Книга «Философия Канта» лежала страницами вверх на круглом столе возле готического окна.
– Страница пятьдесят семь, – неизвестно для кого объявил Василий Васильевич, в вестибюле было пусто. – «Философ не испытал в жизни ни сильных радостей, ни сильных страданий, которые приносят с собой страсти». – Оглянулся по сторонам и спросил, задрав голову: – Я угадал?
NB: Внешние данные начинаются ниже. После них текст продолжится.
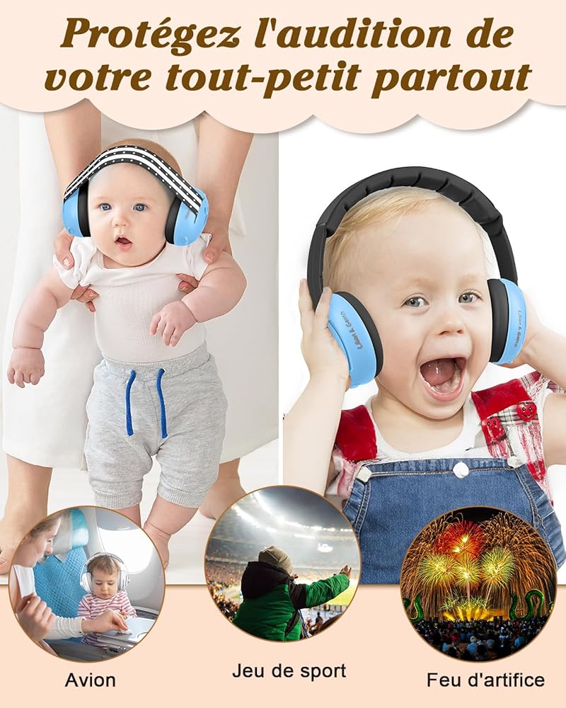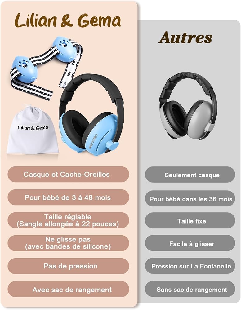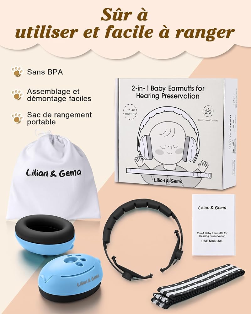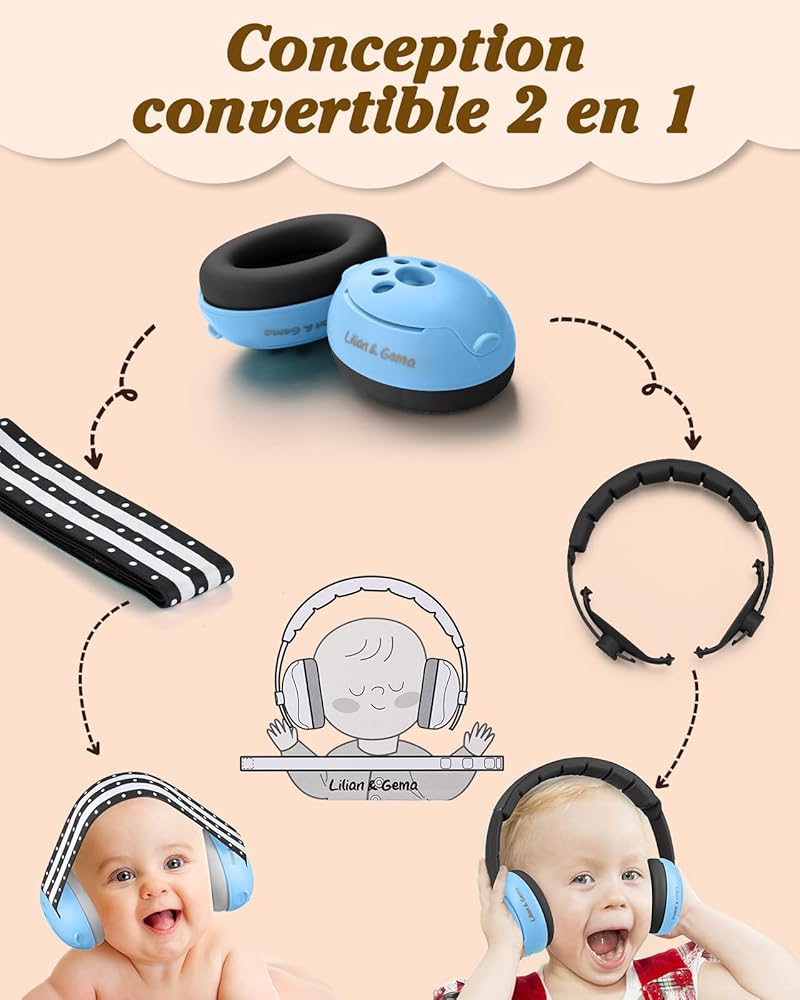 2-in-1 Design - Lilian&Gema baby headphones for noise boast a versatile 2-in-1 design, suitable for infants aged 3 to 48 months. Featuring a three-position adjustable anti-slip elastic headbands and traditional headphones, both are ultra-lightweight and adjustable, support sleeping and activity according to the baby's needs and preferences, Whether outdoor and indoor.
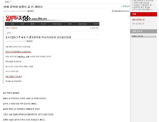 일베에 '대구 여대생 수사정보' 올린 네티즌 해명 "카톡으로..."
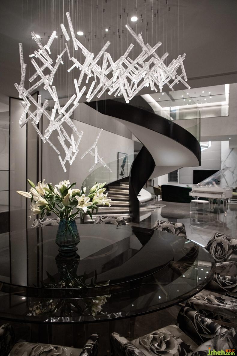 客厅里的圆形楼梯犹如雕塑般的存在,是设计中的神来之笔。这个楼梯与其说是功能需要,倒不如说是精神需要。因为从功能上来说,从三层至二层可以有一个楼梯和电梯来通达,实际上,这个圆形楼梯是专门为女主人设置的,它够大够气派形态优雅,成为客厅空间的核心,统领空间结构,有了它,客厅空间就有了一种力量与气场,有了灵魂。它,是对主人生命的赞美。我们希望,每一天早晨,女主人从这个圆形楼梯缓缓拾级而下,环顾高敞的客厅,有一种“女王”般的骄傲、优雅、豪迈,胸怀壮阔,大爱无疆。
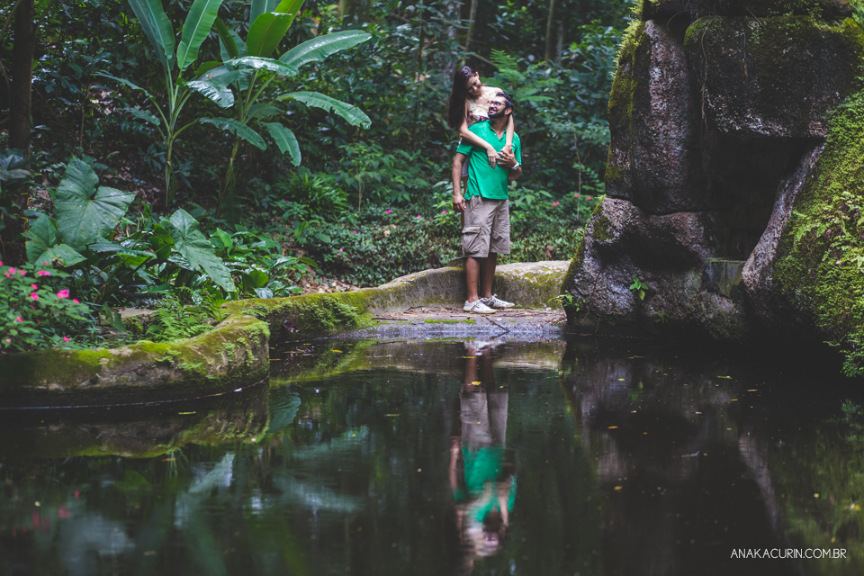 Homem recostado em muro de pedra coberto de musgo verde em desfoque, enquanto sua noiva dança ao longe na beira de um lago. Fotografia de casal feita por Ana Kacurin no Rio de Janeiro - RJ.
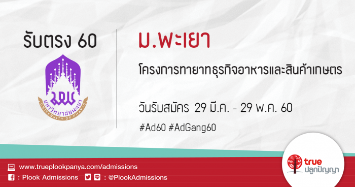 มหาวิทยาลัยพะเยา รับสมัครบุคคลเพื่อคัดเลือกเข้าเป็นนิสิตระดับปริญญาตรี โครงการทายาทธุรกิจอาหารและสินค้าเกษตร ประจำปีการศึกษา 2560
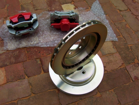 They fill my new Falcon XR8 wheels quite nicely. These will team up nicely with the 4 spot Brembo conversion I will design soon on the front. I will have the calipers landing in the next few weeks in Australia. They are new and fitted on the SRT models of the 300C and Grand Cherokee etc. The other simpler way would to bolt on the front Ford Territory rotors and calipers which should fit right on like these if you have the Falcon front conversion already done.
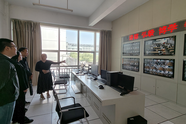 马巍介绍了安徽建筑大学本科教育教学审核评估自评自建情况,重点交流了在本科教育教学审核评估组织实施、自评报告撰写以及支撑档案建设等方面的做法。座谈中,评建办、教务处相关工作人员与对口负责人就各自岗位工作,围绕审核评估工作中人才培养目标的达成度、常模数据、线上考察硬件条件、微专业等方面进行了深入交流。随后,考察学习小组一行实地走访了安徽建筑大学的智慧教室、实验实训室。
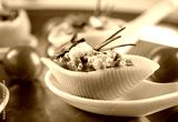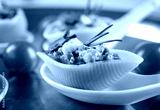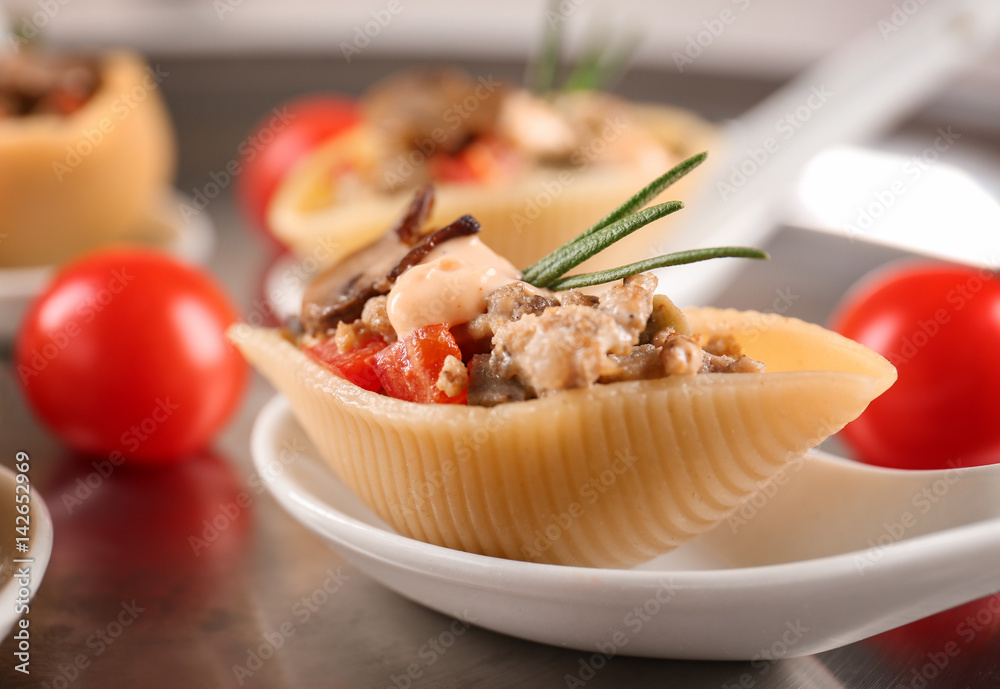 Ceramic spoon with stuffed pasta, closeup
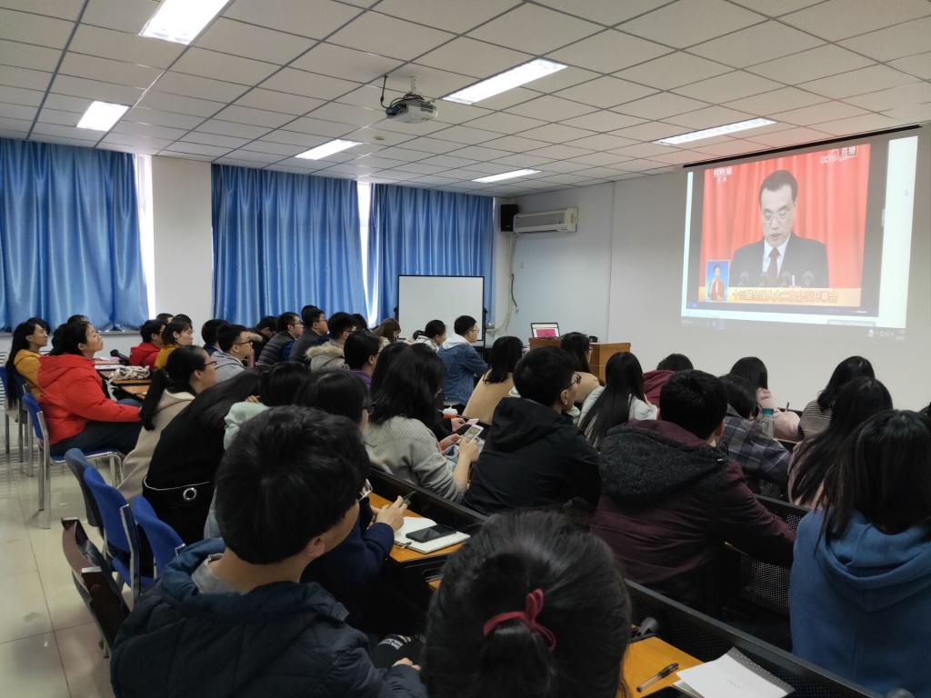第十三届全国人民代表大会第二次会议于2019年3月5日在北京隆重开幕。必赢官网于3月5日上午9:00组织学院领导班子、教师代表、部分学生党员、团员集体观看了两会开幕会,引导其他同学通过网络、报纸、手机客户端等多种渠道实时关注两会动态,认真跟踪两会进展,深入学习和贯彻两会精神。
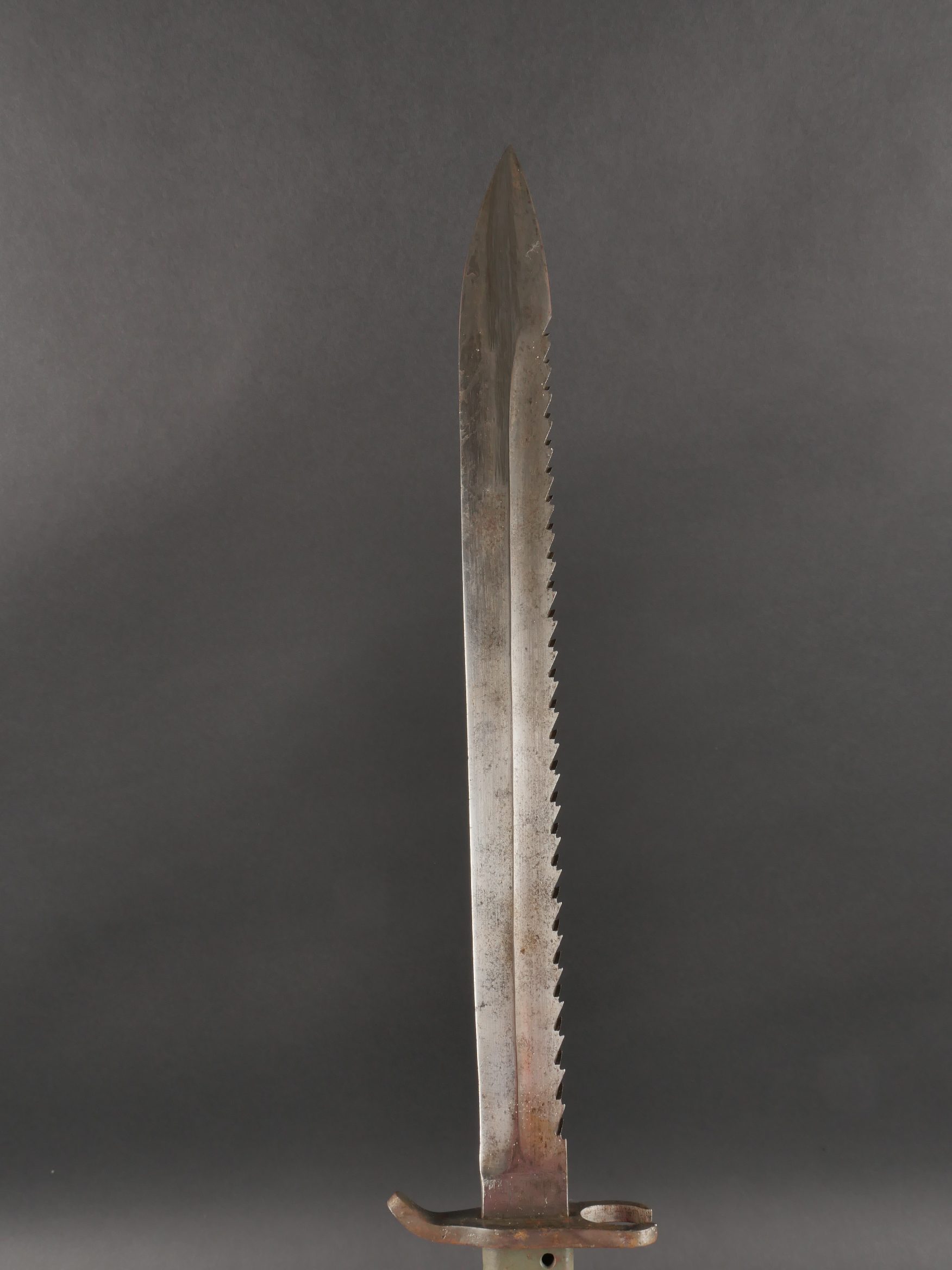 Baïonnette ersatz à dents de scie. Belle lame type 98-05 à dents de scie, poinçon de réception sur le dos de la lame. Poignée en fer moulée et striée avec quillon court et douille ouverte.... en savoir plus
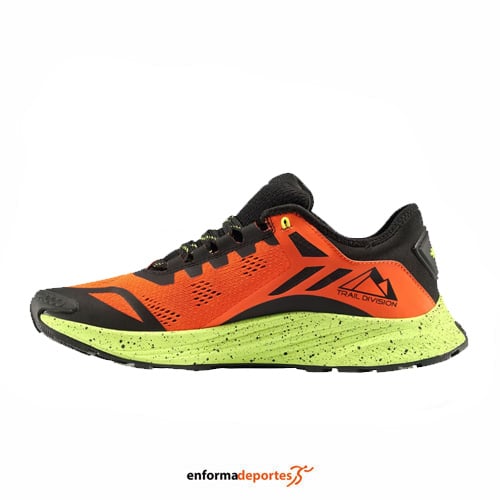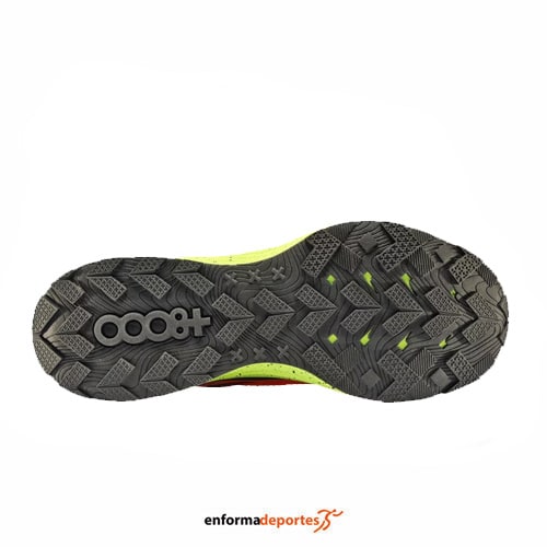 Zapatilla hombre +8000 TIGOR 2, zapatilla ideal todoterreno perfecta para trailrunning o senderismo, confeccionada en su parte superior de malla transpirable y refuerzos sintéticos termosellados para evitar costuras innecesarias, con puntera reforzada, entresuela de EVA de gran amortiguación, con plantilla extraíble y suela de goma con un troquelado que mejora el agarre.
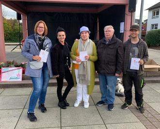 Bei den abgebildeten Personen - von links - handelt es sich um Frau Ningelgen – Friseurteam, Frau Janke – Blumen Janke, Frau Ünaldi-Sabancilar – Optikus Augenwelt und Frau Köhl mit Tochter – Köhl Rollladen- u. Sonnenschutztechnik

Словно в ответ тихонько звякнули подвески на старинной люстре.
Он подошел и прочитал:
«Философ не испытал в жизни ни сильных радостей, ни сильных страданий, которые приносят с собой страсти. Его внутренняя жизнь всегда находилась в состоянии равновесия… В глазах современников Кант представлял образец мудреца…»
– А Бессель сказал, что ничего подобного, – так же громко продолжал Василий Васильевич. – Он вообще признался, что в университете считал философию лженаукой!..
И прислушался. Ничего не происходило, даже подвеска не звякала.
– Не хотите, как хотите, – пробормотал Василий Васильевич, захлопнул книгу и сунул ее на подоконник. – Постой пока тут.
Кто может с ним играть? Кто его дразнит? Кристины со вчерашнего дня в доме нет. Мура-Антипия уходила на маяк, и оттуда он ее почти на руках принес, точно не она!
Тогда кто? Лючия? Софья? Меркурьев был уверен, что таким образом ставить его в тупик может только женщина.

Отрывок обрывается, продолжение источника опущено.